A mum claims the doctor's discovery of her daughter's one-in-a-million diagnosis was "completely accidental".
Ebby Tidswell, 30, was 28-weeks pregnant when she was told her unborn daughter Rosie had Vein of Galen Malformation (VGM).
The rare condition, which occurs during pregnancy, results in abnormal connections between blood vessels within the brain, affecting one in a million children born in the UK each year.
Ebby said it was "completely accidental" that doctors discovered the condition when they did.
She added symptoms varying greatly from child to child and so doctors were unable to tell her what this would mean for Rosie until she was born.
Ebby, from North Wales, told the LiverpoolECHO : "I was measuring big so they sent me for a growth scan just at my local hospital and it was then when it was picked up.
"It was completely accidental that it was picked up.
"I remember one of the first times we went to Liverpool Women's Hospital, they sat us down in the room and they said there was going to be three possible outcomes.
"There was a third of a chance that she would come out and she would be absolutely fine, there was a third of a chance she would come out and she'd have developmental delays or brain damage and quite severe disabilities and there was a third of a chance that she wouldn't survive at all."
Rosie was born at Liverpool Women's Hospital via cesarean.
When she was 12 hours old she was transferred to Alder Hey Children's Hospital for close observation.
Ebby said: "She was born stable and she didn't really seem to have any problems in terms of the Vein of Galen Malformation.
"I think it was on day nine we were told to take her home. We were going to Alder Hey every or so just for scans and things."
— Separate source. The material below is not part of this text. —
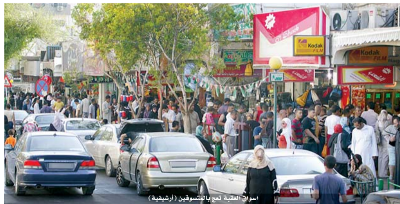
اسواق العقبة تعج بالمستوفين (أرضيية)

استعداد لتذليل أي عقبات يواجهها. وقال نقيب الأطباء الأردنيين الدكتور علي العبوس ان النقابة تدعم اختصاص طب المجتمع والصحة العامة اسوة بالاختصاصات الاخرى مؤكدا ان الوقاية من الامراض تكتسب اهمية بالغة لدورها في الحد من انتشار الامراض ولا سيما السارية. واكد مدير الشبكة الشرق اوسطية للصحة المجتمعية الدكتور مهني التنور دعم الشبكة لبرامج الوبائيات التطبيقية منوها الى اهمية دور القطاعات الصحية والمنظمات التطوعية والدولية في دعم الخدمات الوقائية والصحية التي تقع على كاهل وزارة الصحة. وتناول وزير الصحة الاسبق الدكتور سعد
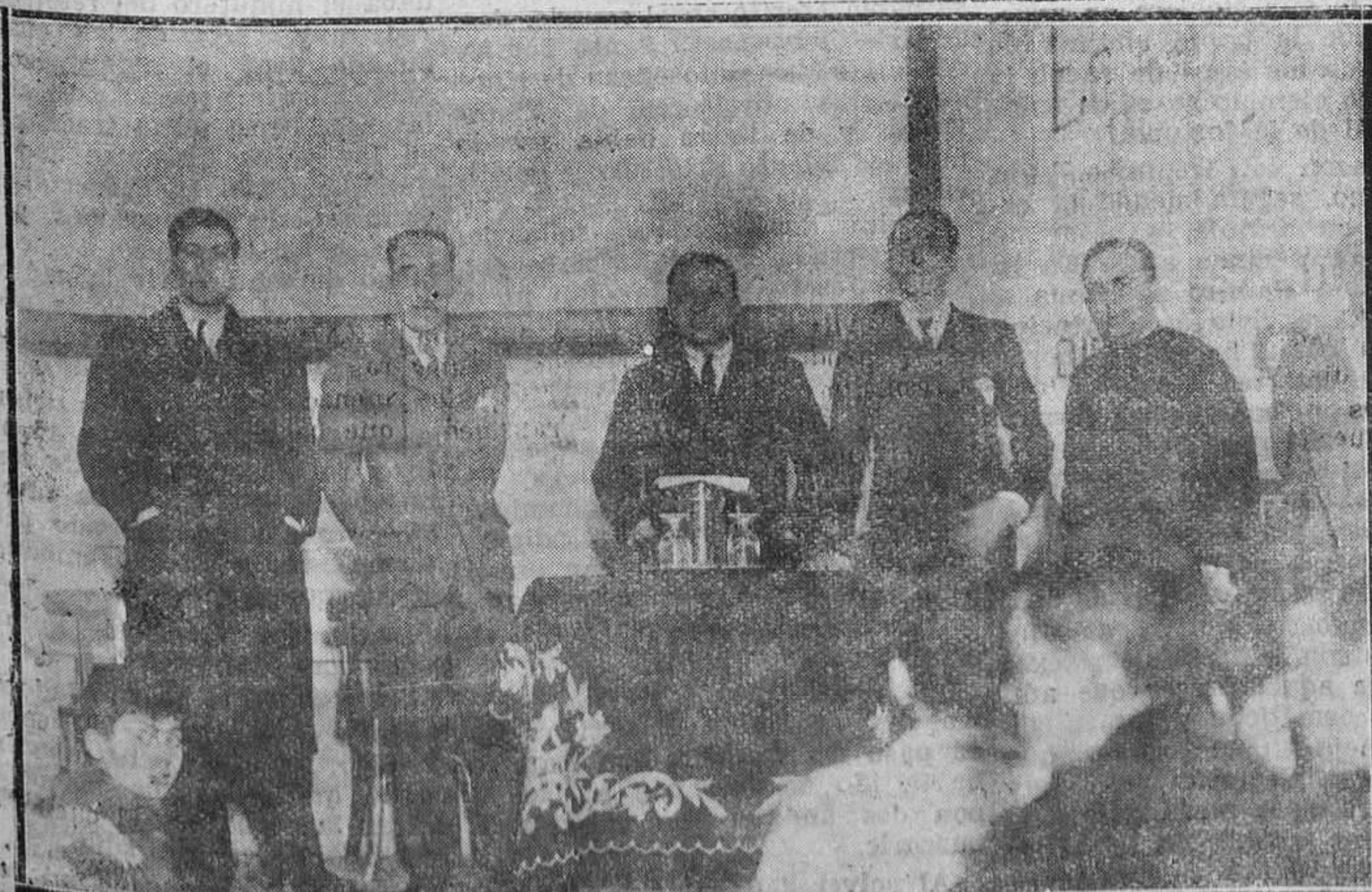
PRAVIA.— Los oradores que tomaron parte en el mitin del pasado domingo.

When Rosie was 10-weeks-old, she needed to have her first operation after it found that her condition was putting pressure on her heart and she was going into the early stages of heart failure.
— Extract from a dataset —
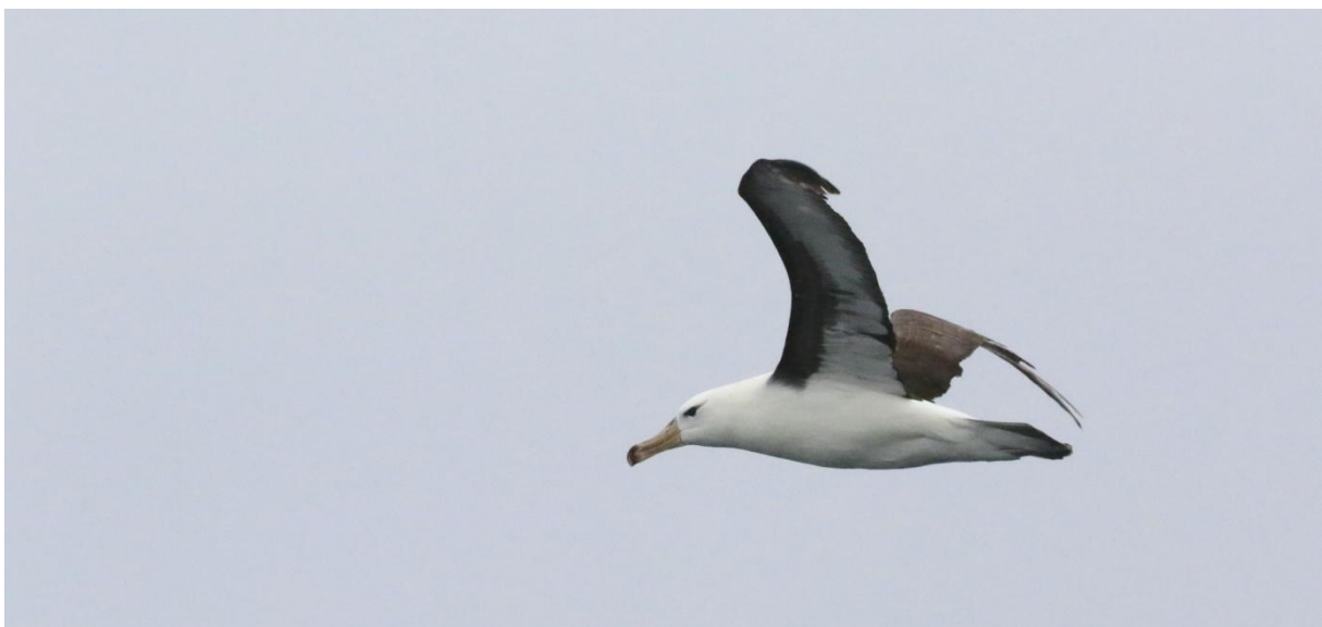
Black-browed albatross. Quintero pelagic.

The surgery was a success and Rosie has since had another operation when she was six months old.
Rosie is now a "happy, healthy and smart" three-year-old.
Ebby said: "They're absolutely amazed at how well she's doing.
"She doesn't really have any developmental delays, she is meeting all of her milestones.
"She's not poorly in any way, her heart is absolutely fine and they hope the [VGM] could close down on its own because every year that she's been for an MRI it is getting smaller.
"We're just absolutely amazed. I say like a million times a day of how proud we are and how grateful to have somewhere like Alder Hey that have done what they've done for her.
"She's just like any other normal three-year-old that you'd expect.
"She's happy, she's healthy and in terms of the intelligence she has it's absolutely crazy how amazing she is because obviously, we expected developmental delays but she's never had anything hold her back, she just gets on with things."